4 financial metrics to adopt in your advertising agency

Managing your advertising agency with decisions that do not consider indicators can be a mistaken attitude. After all, experience is quite relevant in management, but analyzing financial figures is essential to make decisions based on concrete information.

In this sense, selecting and monitoring your business’s financial metrics becomes essential. Through them, you will know what the agency’s financial results are and will be able to base your decisions.

In this article, you will discover 4 financial metrics to adopt in your advertising agency and understand why this is so important.

Let’s go?

What are financial metrics for advertising agencies?

Before learning about the most relevant financial metrics, it is worth understanding what they are and how important they are for your advertising business. In practice, metrics represent numbers about a company’s financial situation.

When calculated, they generate indicators, which offer solid information that allows for more efficient strategic planning. In other words, financial metrics are the raw data. Indicators are results obtained through the metrics that serve as a basis.

Without these tools, the assessment and diagnosis of the company’s finances are made only with assumptions. This increases the chances of making wrong decisions and, consequently, of developing an inefficient action plan.

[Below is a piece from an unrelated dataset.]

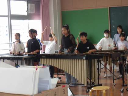 オルガンの音が大きく響いていたので、パイプオルガンの曲を鑑賞しているのかな?と思いましたが、教室に行ってみると、みんなでいろんな楽器を使って和音を鳴らしていました。
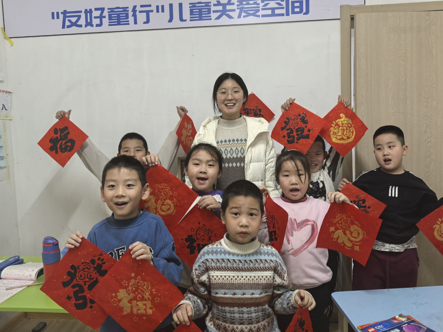 下午,来自山东大学的本科生苏喜悦为孩子们带来了传统文化手工课程——《新春拓印画》。不仅仅是孩子们,志愿者们也积极参与其中,帮助孩子们完成了一幅又一幅带有蛇形元素的年画。这些作品不仅展示了孩子们的创造力,也为即将到来的春节增添了浓浓的“年味”。

For this reason, it is essential to understand which metrics can be useful for your agency and analyze them regularly. It is worth noting that, in order to generate indicators that are true to reality, it is essential to obtain reliable metrics that are appropriate to the company’s needs.

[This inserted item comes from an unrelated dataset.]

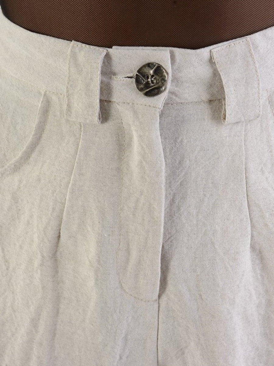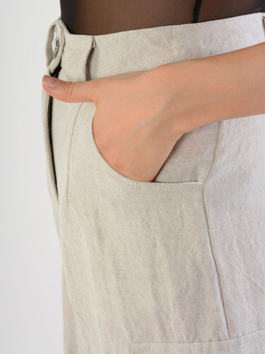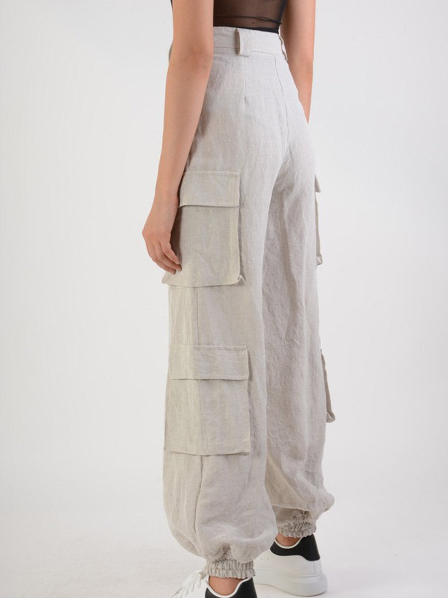 Linen  viscose wide cut cargo pant with side pocket detail.   Zip and button closure. side slant pockets - elastic cuffs.

4 Financial Metrics to Adopt in Your Agency

As you have seen, monitoring financial data is essential for the financial management of your agency. Therefore, it is important to select the appropriate tools for your assessment.

Next, check out 4 financial metrics that cannot be missed in your analysis!

1. Recipe

Revenue is all the money that comes into the company and is related to the work performed. Understanding the amount received by the business is important for calculating various indicators, such as gross revenue, net revenue and profitability.

From these numbers, it is possible to understand whether the agency can pay its costs and make a profit , for example. This metric can also help predict what the revenue will be in the coming months, as it allows you to identify recurring revenue.

For this reason, it is important to monitor revenue frequently. Generally, companies usually check their revenue monthly and annually, but it may be necessary to check it at other intervals.

2. Accounts payable and receivable

Accounts payable and receivable are additional financial indicators to look at. The former speaks of the fixed and variable costs of the business. The latter is what your agency must eventually get.

With these metrics, you can calculate cash flow , which is a key indicator for controlling the agency’s financial health. By understanding this index, you can keep track of all the bills for the current month and the coming months.

This way, you can avoid debt, since you can also predict low periods and develop a plan that allows you to maintain a positive cash flow. For example, you can reduce costs or take new actions to gain more customer accounts.

3. Hourly cost of employees

Do you know how much your employees earn per hour? This is an important metric for obtaining various indicators, such as service cost and profit margin. In addition, with this information you can control the hours worked by your teams.

This makes it possible to create a work dynamic with lower costs, reducing the financial impact of payroll. Another essential function of this metric is the appropriate pricing of services per project. This way, you can arrive at a fair price for each job provided.

For example, suppose you have a project that involves the highest-paid employees in the company. If you include the average payroll as an operating cost when calculating the sales price, you may end up losing money because the cost will be higher than expected.

With this specific data, on the other hand, it is possible to make more appropriate planning when pricing services or directing the team that will be responsible for each project.

4. Customers who generate the most and least profit

In addition to the agency’s overall profitability, it is important to know which clients generate the most and least profit. This is necessary because the company that provides the most revenue to your agency is not always the most profitable.

After all, there are projects that involve more costs, such as allocated resources and hours worked, reducing the profit margin. Identifying this metric can help decide which clients need to go through a pricing review or even which contracts may not make sense for the business.

Imagine a situation in which your agency no longer has the capacity to handle new projects. However, a potential client has come up with a great proposal. Knowing which projects are least profitable, you can seek adjustments in the volume of demands with them to make room to accept the new partner.